3 listopada 2009 - Warszawa, ul. Młynarska. Jakiś problem dzisiaj miały tramwaje dookoła Pedetu na Woli. Korek na Młynarskiej stąd prawie do Żytniej, na Wolskiej zaś stały od Kercelaka do Płockiej. Nie wiem czy nie coś z siecią, bo sklady opuszczały patyki i wyłączały przetwornice.
23 października 2009 - Kraków, ul. Dietla. Widzię Lipton mnie uprzedził, ale skoro też dostałem paczkę ze zdjęciami wrzucam choć jedno, na którym Straż Pożarna kończy pomagać wyjechać MAN-owi z torowiska. Zdjęcie udostępnił Piotr Pradel.
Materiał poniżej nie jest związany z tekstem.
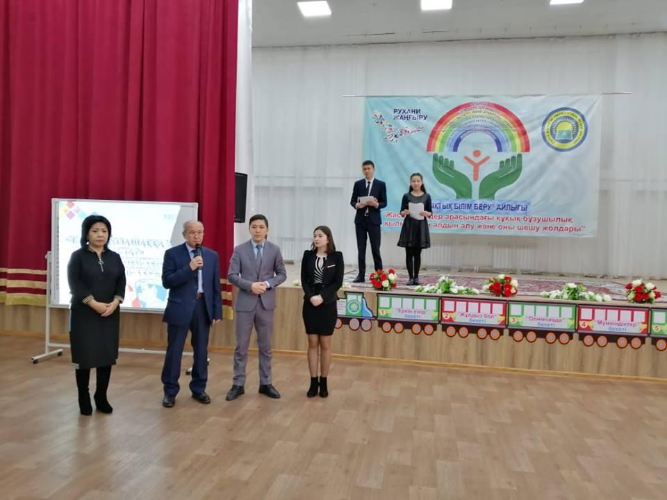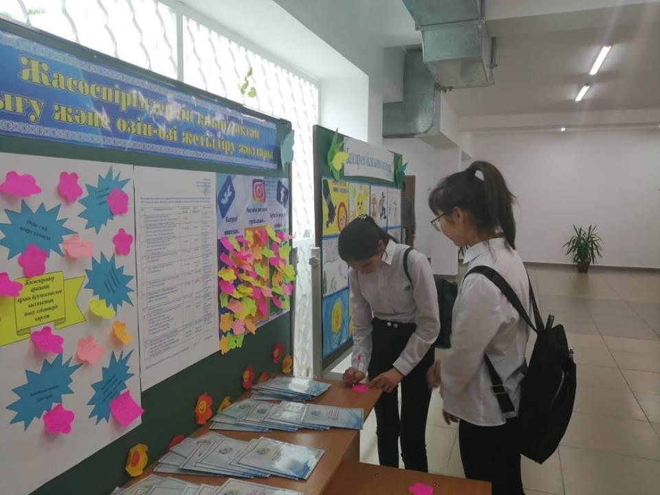 Оқушылар мен ата-аналардың құқықтық мәдениетін арттыру мақсатында "Жасөспірімдердің қиындықтан шығу және өзін-өзі жетілдіру" айлығының аясында 30 мектеп-гимназия қабырғасында өткізілген "Жастар болашаққа жол бастар" атты облыстық пікір-сайыс турнирі.

21 października 2009 - Warszawa, ul. 11 Listopada przed Targową. Nie ma to jak szybko i sprawnie dojechać rano do roboty ;] Wbrew pozorom nie doszło tu do żadnego zdarzenia drogowego - po prostu debilizm polskich kierowców sprawił, że pl. Wileński znów stał się "średnio przejezdny". Można więc rzec, że wracamy "do starych dobrych czasów", kiedy na ul. 11 Listopada korki tramwajowe były jeszcze dłuższe :-> Na szczęście podjęto odpowiednie kroki zaradcze i miejmy nadzieję, że odpowiednie instytucje zajmą się ponownie tym problemem. Na pierwszego stoi skład 13N #588+295. Za nim wozy 105Nf #1416+1415 uwiecznione popołudniu na tej samej ulicy w innym zatrzymaniu ;)
23 października 2009 - Kraków, ul. Dietla. Widok miejsca zdarzenia od drugiej strony. Widać MPK nieco sparafrazowało hasło "Tiry na tory" i na torowisko wpuściło autobus ;) W wyciąganiu MAN-a z torów brały udział służby techniczne MPK oraz dwie jednostki PSP. Krótko po godz. 8.05 udało się udrożnić przejazd. Zgoda autora na dodanie oczywiście jest!
23 października 2009 - Kraków, ul. Dietla. Kierowca tego MAN-a najwyraźniej zapomniał, że przy ul. Św. Sebastiana kończy się asfalt na torowisku, co zaowocowało wstrzymaniem ruchu tramwajowego w obu kierunkach na prawie 1,5 godziny... Zgoda autora na dodanie oczywiście jest!